* EXERCISE DETAILS
The required output is the exact run of lines below that opens at the line with "葉っぱのような総柄のトップスです。" and closes at the line with "11月6日晚,甘孜日報記者馬".

* SOURCE INFORMATION
+---+

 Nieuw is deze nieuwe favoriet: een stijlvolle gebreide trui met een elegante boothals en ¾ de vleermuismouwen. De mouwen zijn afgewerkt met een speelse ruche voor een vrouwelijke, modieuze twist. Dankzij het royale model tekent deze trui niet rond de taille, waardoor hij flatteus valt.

+---+

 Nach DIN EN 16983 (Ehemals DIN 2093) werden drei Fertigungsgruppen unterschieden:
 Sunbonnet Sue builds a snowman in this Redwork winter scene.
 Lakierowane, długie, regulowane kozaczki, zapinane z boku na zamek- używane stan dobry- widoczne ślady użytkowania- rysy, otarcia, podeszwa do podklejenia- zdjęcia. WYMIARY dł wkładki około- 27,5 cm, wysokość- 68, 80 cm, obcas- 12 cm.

+---+

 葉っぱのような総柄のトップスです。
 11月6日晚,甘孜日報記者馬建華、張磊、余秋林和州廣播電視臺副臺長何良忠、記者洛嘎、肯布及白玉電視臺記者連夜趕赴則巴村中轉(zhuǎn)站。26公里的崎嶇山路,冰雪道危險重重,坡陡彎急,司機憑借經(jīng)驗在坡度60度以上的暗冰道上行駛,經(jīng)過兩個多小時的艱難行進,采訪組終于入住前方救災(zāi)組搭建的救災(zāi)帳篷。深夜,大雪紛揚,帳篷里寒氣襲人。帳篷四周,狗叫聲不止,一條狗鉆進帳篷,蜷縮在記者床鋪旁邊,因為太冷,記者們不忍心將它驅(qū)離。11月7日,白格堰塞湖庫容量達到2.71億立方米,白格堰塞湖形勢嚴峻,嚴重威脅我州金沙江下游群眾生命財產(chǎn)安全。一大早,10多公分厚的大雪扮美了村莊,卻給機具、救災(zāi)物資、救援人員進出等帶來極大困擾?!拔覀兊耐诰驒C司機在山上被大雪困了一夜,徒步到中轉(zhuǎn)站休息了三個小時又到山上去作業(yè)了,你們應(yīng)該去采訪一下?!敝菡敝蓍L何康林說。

+---+

* RESPONSE AREA
 葉っぱのような総柄のトップスです。
 11月6日晚,甘孜日報記者馬建華、張磊、余秋林和州廣播電視臺副臺長何良忠、記者洛嘎、肯布及白玉電視臺記者連夜趕赴則巴村中轉(zhuǎn)站。26公里的崎嶇山路,冰雪道危險重重,坡陡彎急,司機憑借經(jīng)驗在坡度60度以上的暗冰道上行駛,經(jīng)過兩個多小時的艱難行進,采訪組終于入住前方救災(zāi)組搭建的救災(zāi)帳篷。深夜,大雪紛揚,帳篷里寒氣襲人。帳篷四周,狗叫聲不止,一條狗鉆進帳篷,蜷縮在記者床鋪旁邊,因為太冷,記者們不忍心將它驅(qū)離。11月7日,白格堰塞湖庫容量達到2.71億立方米,白格堰塞湖形勢嚴峻,嚴重威脅我州金沙江下游群眾生命財產(chǎn)安全。一大早,10多公分厚的大雪扮美了村莊,卻給機具、救災(zāi)物資、救援人員進出等帶來極大困擾?!拔覀兊耐诰驒C司機在山上被大雪困了一夜,徒步到中轉(zhuǎn)站休息了三個小時又到山上去作業(yè)了,你們應(yīng)該去采訪一下?!敝菡敝蓍L何康林說。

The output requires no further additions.